The girl in question, weighing about 50 kg, at that moment was about to embark on one of the phrases destined to remain in the annals of idiocy: "I, for example, are put on weight too, I should lose at least 7 or 8 kg !! "
At that point I faced a crossroads. Was a difficult decision. To point out to all present that, apart from the twig speaking, none of them seemed on the verge of anorexia and that, deep down, even in the most remote of their houses they swallow something every day (and not always in portions of the Goldfinch), stating, however, to looks of disapproval and a few luccicone or get up and let blissfully continue in that vortex of inadequacy and emptiness? I chose the second solution. Pretending (?) An uncontrollable desire to cigarette I got up to go outside to smoke. Tracked down my little dog, who made merry while comfortable, I enjoyed his cuddles before returning inside.

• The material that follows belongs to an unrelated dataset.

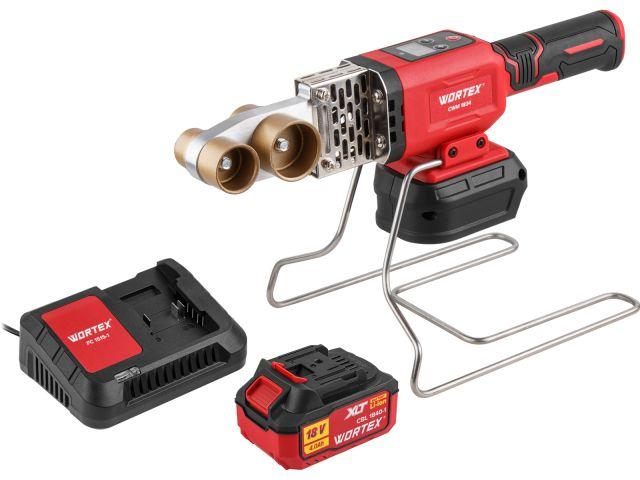 Аккум. сварочный аппарат для полимерных труб WORTEX CWM 1834 ALL1 XLT SET с акб и зу+3 насадки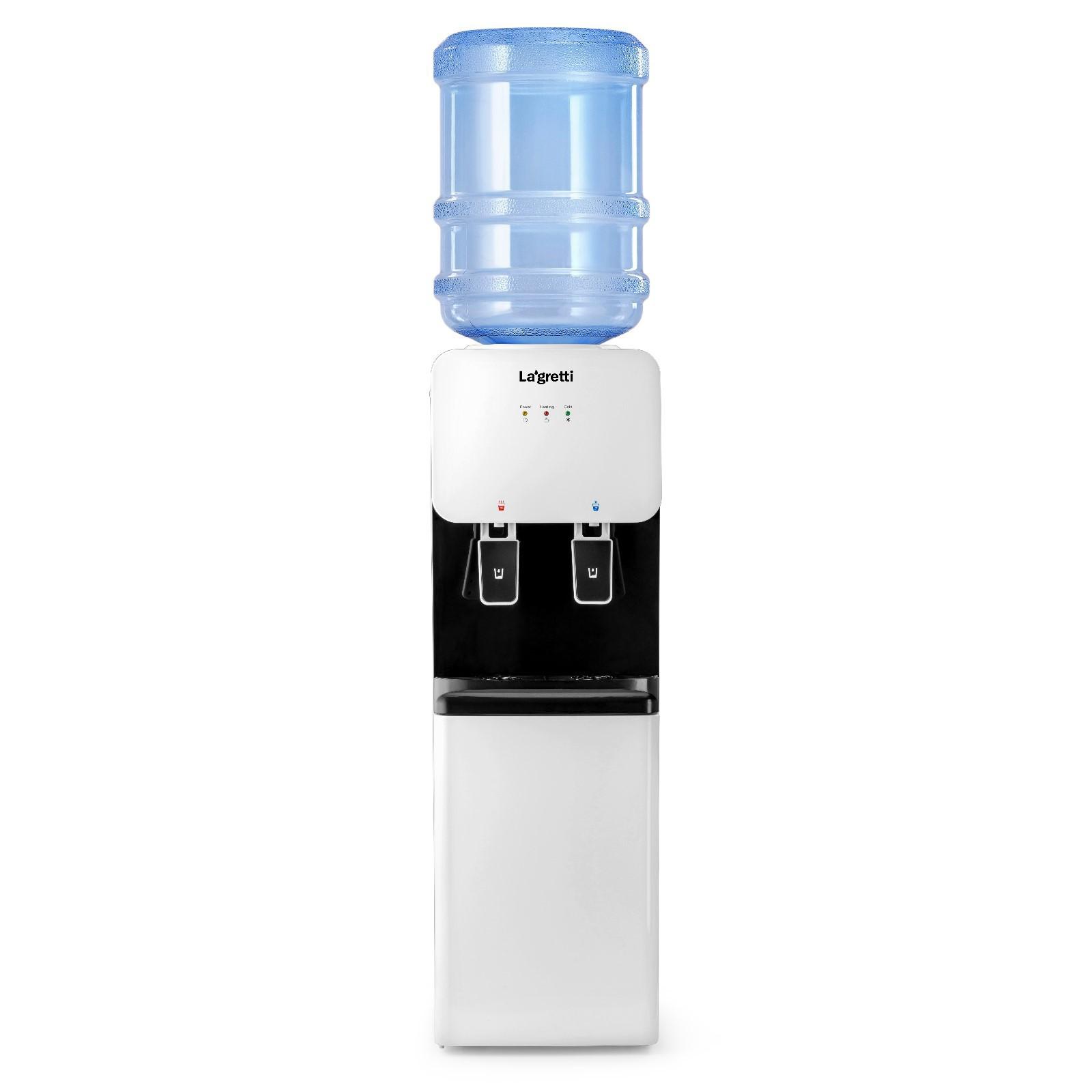 Напольный кулер для воды Lagretti Rome LCc white/black с верхней загрузкой бутыли, нагревом и компрессорным охлаждением.

Needless to say, once returned and found that the subject had not changed one iota, feigning interest in the pieces of lamb I've come to the men's side took my seat and I moved there. Do not look before they threw another party deft unfortunate that he followed my example.
What can I say, I had to smile at a few bars definitely an idiot, but you want to put the satisfaction of being able to bite into a piece of egg chocolate without feeling that recalled the bloody, in a few hours, will make his reappearance on my butt?